Le plan made in USA

Le plan made in USA... Une répétition de l'histoire des républicains. Plan mis en oeuvre au Nicaragua au cours des années 80 contre les Sandinistes de Daniel Ortega.

Un nouvel article paru en Grande-Bretagne fait apparaître le spectre de la guerre civile au Vénézuéla, Ce journal montre jusqu'à quel point les médias britanniques et américains sont déterminés à souiller le processus démocratique qui est en cours au Vénézuéla .

Dans une information contradictoire parue dans le journal The Guardian du 25 mai dernier, la journaliste du Miami Herald, Sybilla Brodizinsky, écrivait que le référendum révocatoire au Vénézuéla est l'unique opportunité d'éviter une guerre civile. Selon les experts, elle n'offre aucune source pour valider son affirmation, mais bon, on est habitués non?

L'insistance notable avec laquelle les médias de Grande-Bretagne insistent sur le spectre de la guerre civile pour résoudre le conflit est impressionnante. C'est comme si toute l'information des médias dominants sur le Vénézuéla s'orientaient à multiplier l'insécurité en évoquant le spectre de la guerre civile. Mais quelque chose se cache derrières ces affirmations de nos grandes corporations, peu à peu, les peurs se convertissent en prophéties et la machine de guerre de la Maison Blanche est même préparée et disposée à convertir ces faussetés en réalité.

La manière dont travaille la presse libre peut être analysée dans un article paru dans le Washington Post du 20 mai dernier avec le titre : "Les fonctionnaires du département d'État disent parler avec les éditoriaux des États-Unis, dans l'espoir d'envoyer un message clair au président Chavez.
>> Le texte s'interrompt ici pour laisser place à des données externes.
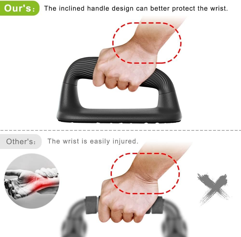 Comfortable Handle: The handles of push-ups are made of high-quality soft plastic, protect your hands, it’s not easy to get calluses. The diameter is 1 3/5 inches, and the grip is comfortable and ergonomic.
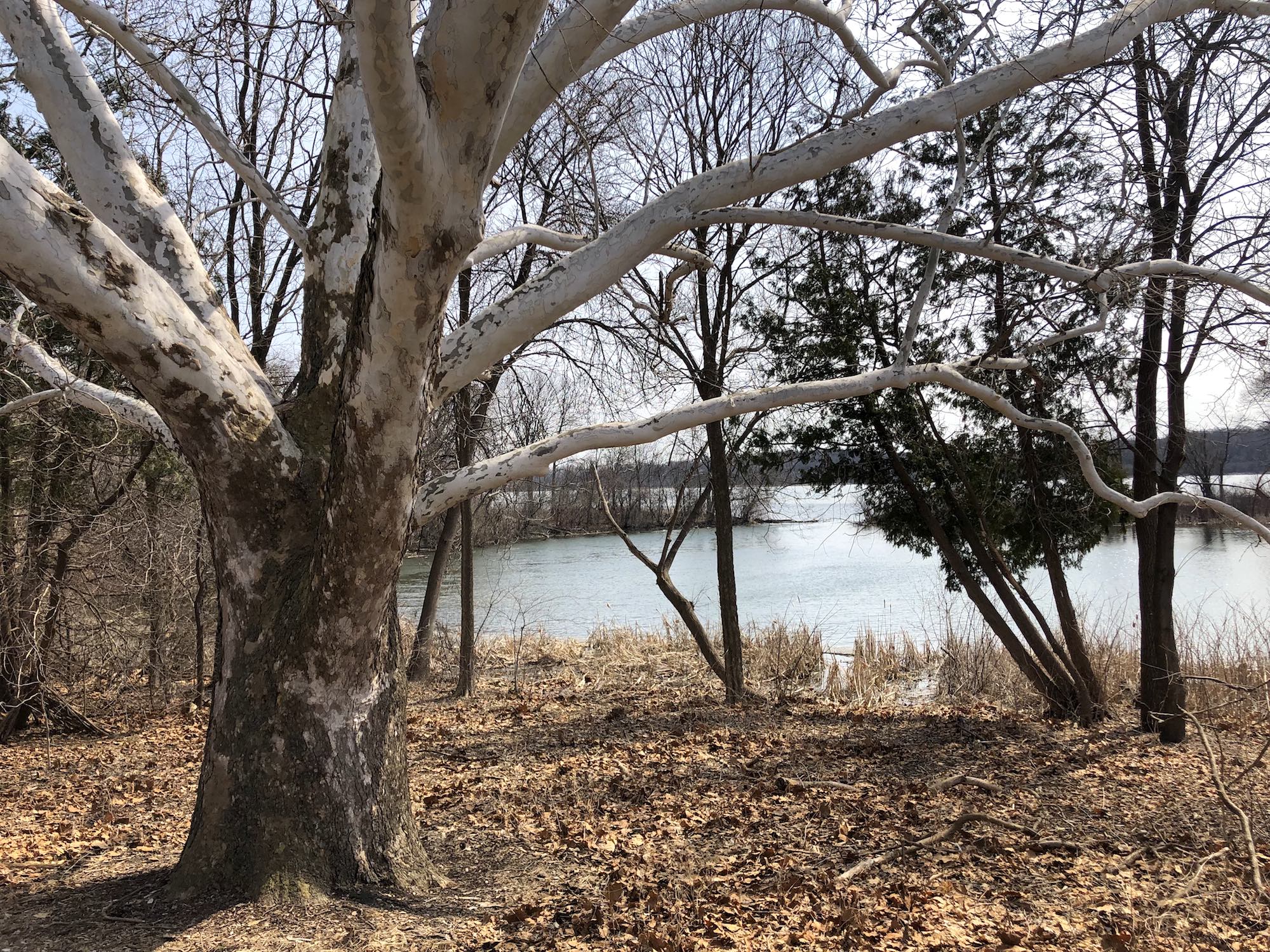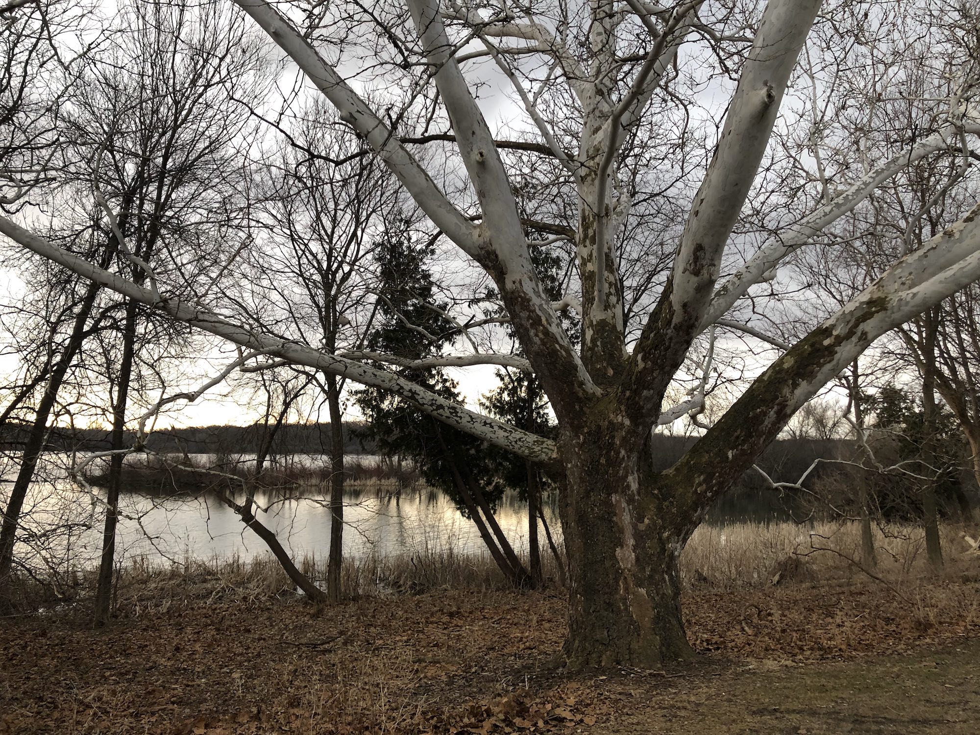 Below: Sycamore overlooking Ho-Nee-Um Pond in afternoon - 12:45 PM. (50°)

Le gouvernement Américain favorise la tenue d'un référendum révocatoire car, si il n'avait pas lieu, le Vénézuéla devrait en subir les conséquences". (Voir menace).

Ces menaces et cette désinformation répétées ressemblent drôlement aux intromissions du gouvernement de Ronald Reagan dans la politique interne au Nicaragua au cours des années 80 car les les similitudes sont abondantes.

Sauce impériale? Ce type de presse libre a été un des principaux instruments utilisé par tous les gouvernements américains depuis l'extermination des Amérindiens jusqu'à nos jours. Le gouvernement américain et ses représentants ont soutenus une campagne sans précédent d'incitation à la violence et à l'insurrection dans les médias contrôlés par l'opposition. Le représentant du Vénézuéla à l'Organisation des États Américains (OEA) a dénoncé les déclarations de Roger Noriega qui disait que le gouvernement de George W. Bush accepterait les résultats d'un référendum révocatoire seulement dans le cas où le mandat du président Chavez serait révoqué.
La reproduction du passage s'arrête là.